_Available data_:
= Beginning of Section =

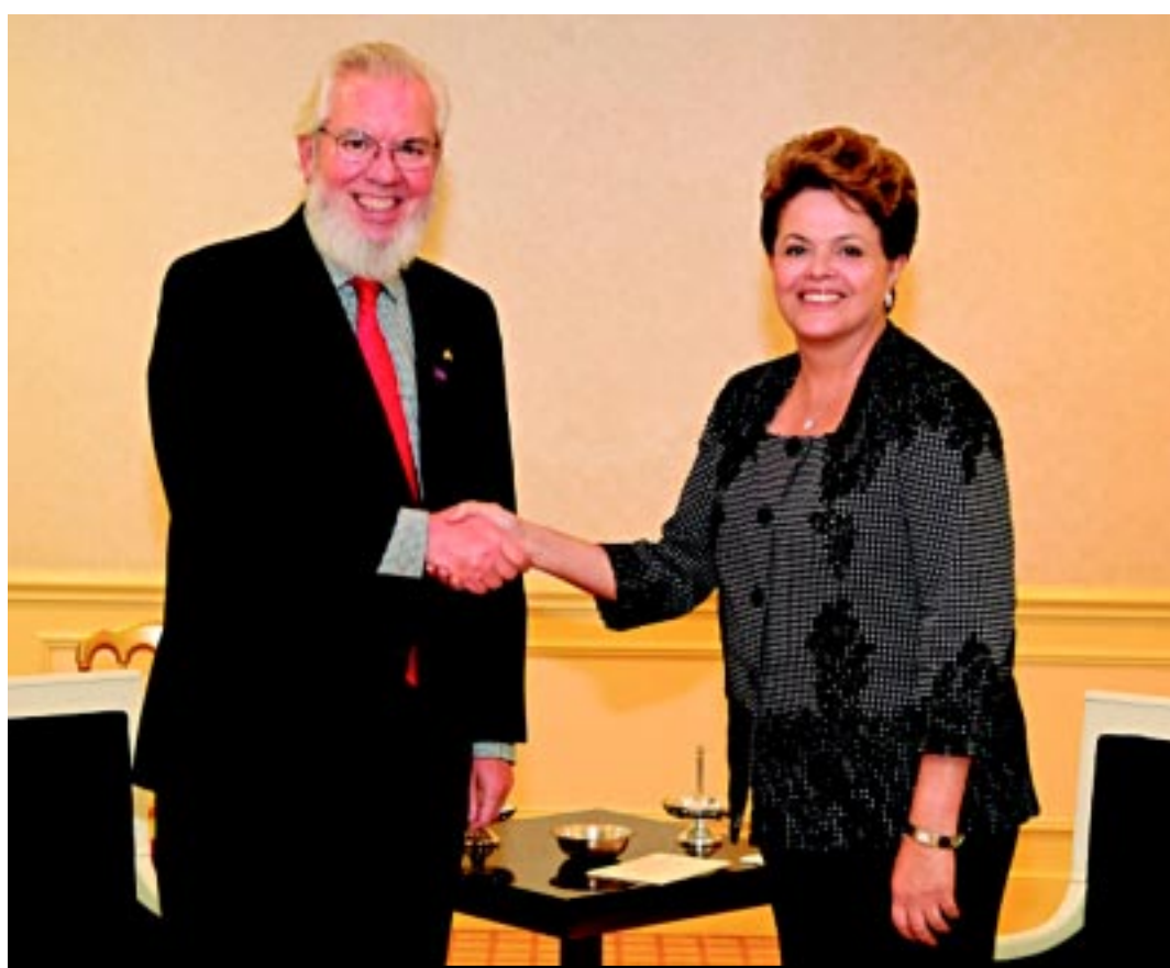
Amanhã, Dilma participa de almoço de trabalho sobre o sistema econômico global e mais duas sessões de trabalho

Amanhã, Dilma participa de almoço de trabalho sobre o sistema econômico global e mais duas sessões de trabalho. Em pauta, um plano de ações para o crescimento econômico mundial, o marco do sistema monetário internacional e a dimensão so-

= End of Section =
= Beginning of Section =

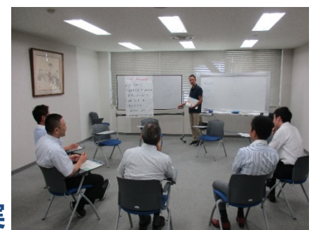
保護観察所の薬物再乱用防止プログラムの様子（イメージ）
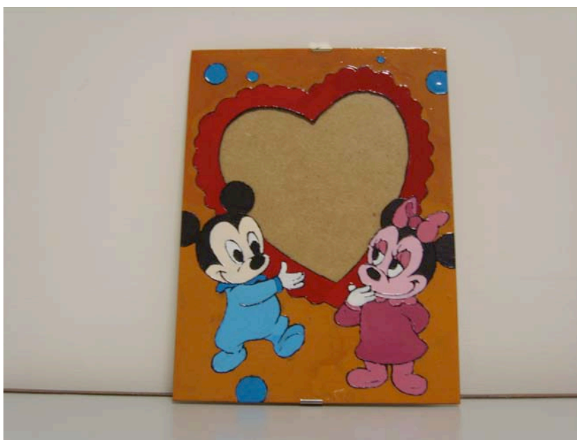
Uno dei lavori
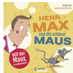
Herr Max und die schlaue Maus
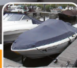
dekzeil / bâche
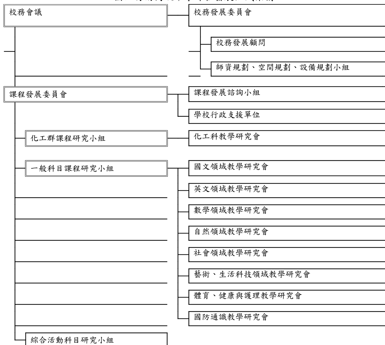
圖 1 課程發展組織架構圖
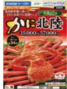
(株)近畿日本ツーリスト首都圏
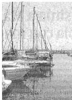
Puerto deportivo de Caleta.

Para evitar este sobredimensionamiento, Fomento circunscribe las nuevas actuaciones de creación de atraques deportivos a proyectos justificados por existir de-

= End of Section =
= Beginning of Section =

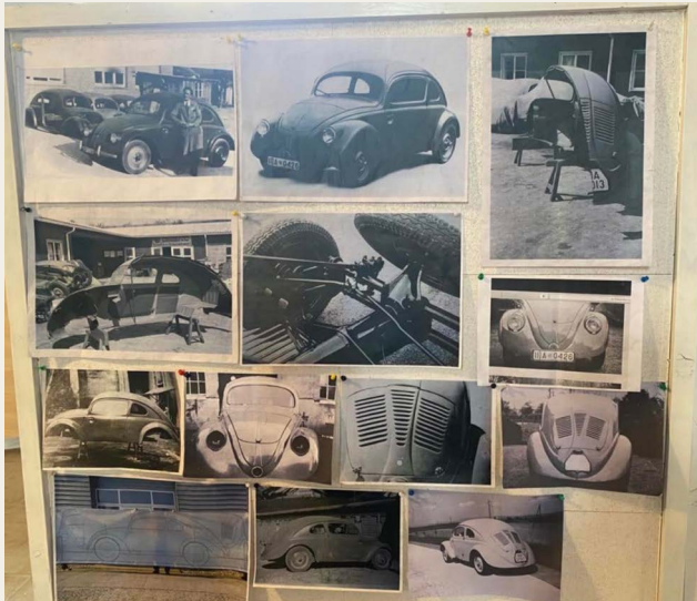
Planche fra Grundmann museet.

= End of Section =

_Problem statement_:
Reproduce exactly the lines above that run from the one with "Uno dei lavori" to the one with "Para evitar este", both included, leaving pictures out.

_Solution to the exercise_:
Uno dei lavori
Herr Max und die schlaue Maus
dekzeil / bâche
圖 1 課程發展組織架構圖
(株)近畿日本ツーリスト首都圏
Puerto deportivo de Caleta.

Para evitar este sobredimensionamiento, Fomento circunscribe las nuevas actuaciones de creación de atraques deportivos a proyectos justificados por existir de-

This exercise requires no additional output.